• Question: What is the most exciting part of your job?

    Asked by rebeccacarey to Andrew, Daniel, Hayley, Natalia, Peta on 17 Nov 2011. This question was also asked by aimeej, metemercan2011, missmagic, hippiebadmancoldplaycharlenesoriaadele.
    • Photo: Hayley Smith

      Hayley Smith answered on 15 Nov 2011:


      I work on a particle accelerator – this is generally pretty exciting! But I would say it’s at its most exciting when I actually get to work on operational shifts. We get to sit in a control room just like Homer Simpson. There’s loads of screens and loads of buttons, including the mandatory big red button! When the particle beam is all set up nicely we get some really good signals back from the beam and that is really good. If things aren’t working so well signals flash and there are alarms and beeping – that’s pretty exciting too, it reminds you how important it is to restore beam as quickly as possible!
      So yeh, working in the main control room, making protons go at 84% speed of light and affecting the beam by pressing buttons is pretty exciting!
      There’s not as many donuts as in Homer Simpsons workplace though.
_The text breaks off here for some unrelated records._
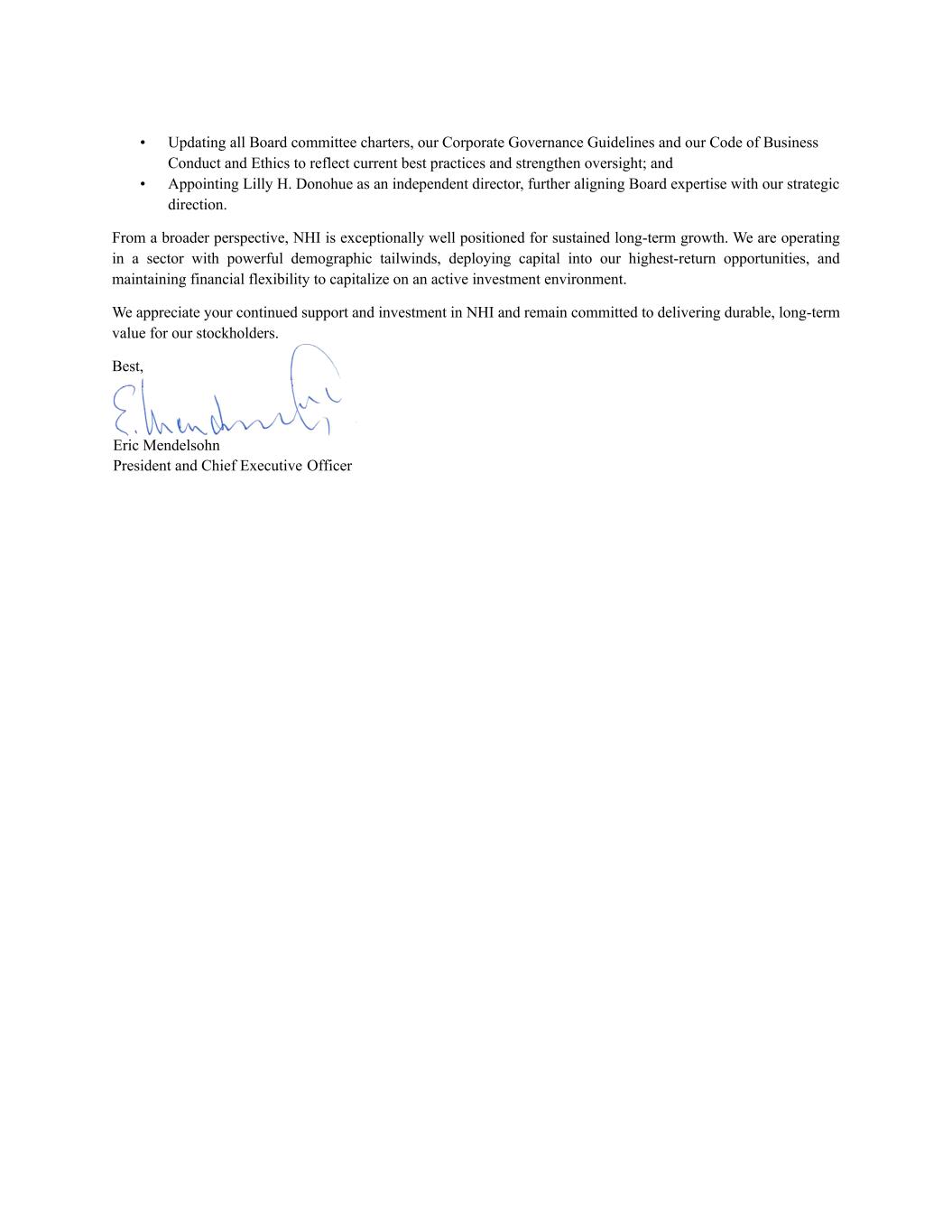 • Updating all Board committee charters, our Corporate Governance Guidelines and our Code of Business Conduct and Ethics to reflect current best practices and strengthen oversight; and • Appointing Lilly H. Donohue as an independent director, further aligning Board expertise with our strategic direction. From a broader perspective, NHI is exceptionally well positioned for sustained long-term growth. We are operating in a sector with powerful demographic tailwinds, deploying capital into our highest-return opportunities, and maintaining financial flexibility to capitalize on an active investment environment. We appreciate your continued support and investment in NHI and remain committed to delivering durable, long-term value for our stockholders. Best, Eric Mendelsohn President and Chief Executive Officer
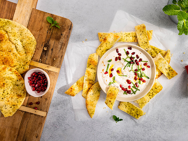 Kan je borrelplank wel een Midden-Oosters tintje gebruiken? Vul de plank dan aan met naanbrood met labneh. Labneh is een zachte kaas, met als basis uitgelekte yoghurt. In deze variant voegen we verse munt en granaatappel toe, waardoor het lekker fris en fruitig wordt. Eet het samen met naanbrood, of als glutenvrije variant met papadums, en je hebt een heerlijke toevoeging aan de borrelavond!
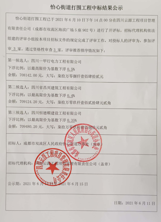 怡心街道打围工程成交结果公示
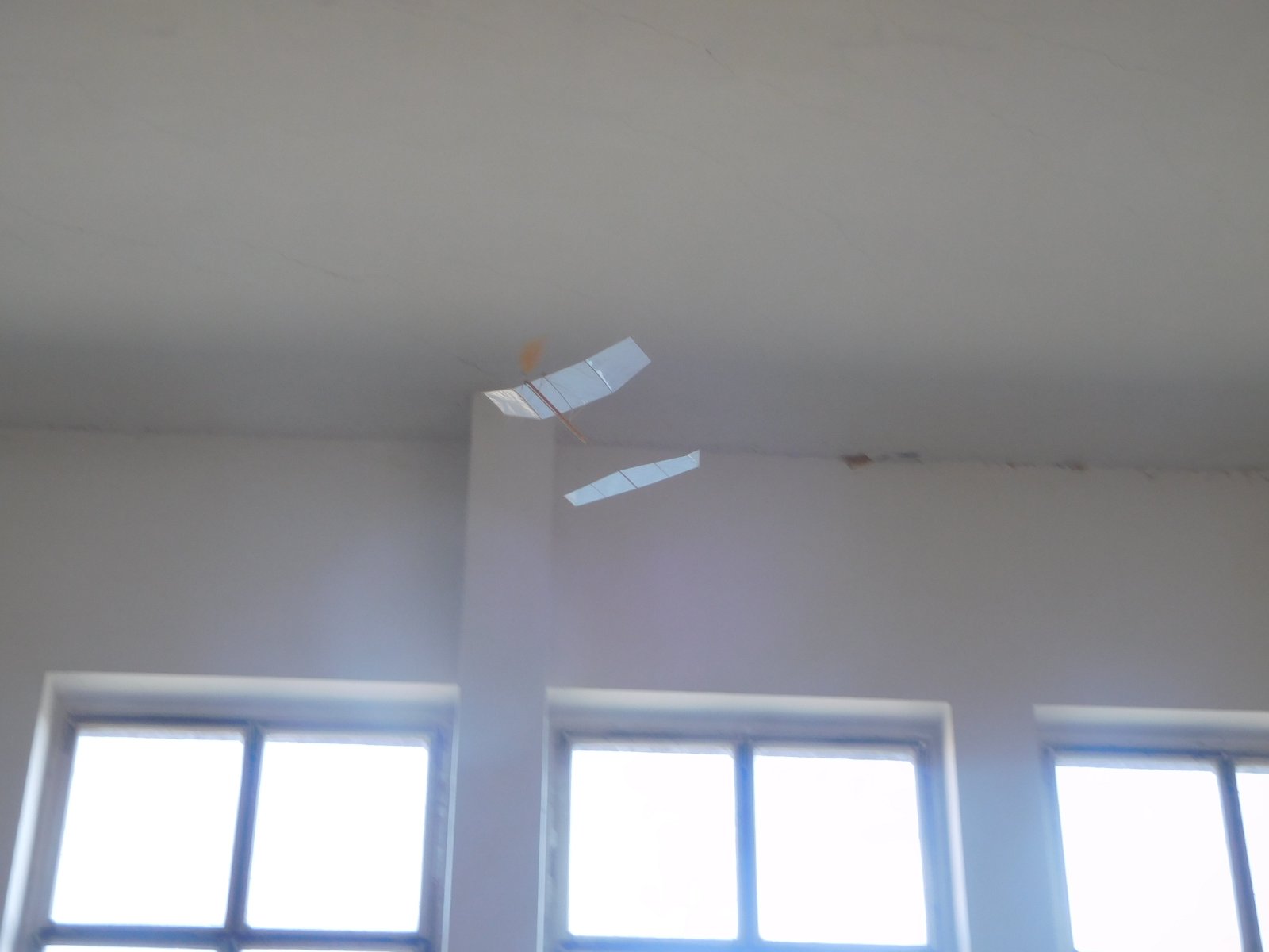 3. 1700 hrozně tvrdá guma, velký moment, ostrý start na VOP naskočil na 12s opačný twist a model nezatáčel jen prudce stoupal proti stěně, dost nešťatně jsem zastíroval, model se otočil zrychlil, opět opačný twist,klesání. odpadává VOP, model padá na dlažbu, odtrhuje se ložisko s vrtulí od motorsticku a vylamuje list vrtule z nosníku. Doma oprava vteřiňákem a za půl hodiny je vše OK.Je mi jasné, že tak silmé gumičky tento model nesnese.

We tend to go more for pot noodles, especially on long shifts!

    • Photo: Daniel Scully

      Daniel Scully answered on 16 Nov 2011:


      The most exciting part of the job comes when you’ve been working on a measurement, checked all the possible errors, checked all your calculations are correct and then out comes something people may never have seen before!

    • Photo: Peta Foster

      Peta Foster answered on 16 Nov 2011:


      The most exciting part of my job is when i realise that i am part of something that has never been down before anywhere and we few scientists (at about 2am most likely) are the first people to ever see it. 😀

    • Photo: Andrew Cairns

      Andrew Cairns answered on 17 Nov 2011:


      Although I am feeling incredibly exhausted right now, we are doing an experiment at 3:44am CET that should produce a paper: we’re getting better results than anyone else has done before and it should (SHOULD) break the world record we set last April.

      THAT is why we do it, getting to use really cool pieces of equipement to discover new things, things that no one has seen before.

      And yes, it is a universal thing that scientists do the most exciting stuff in the middle of the night! Any idea why that is Peta??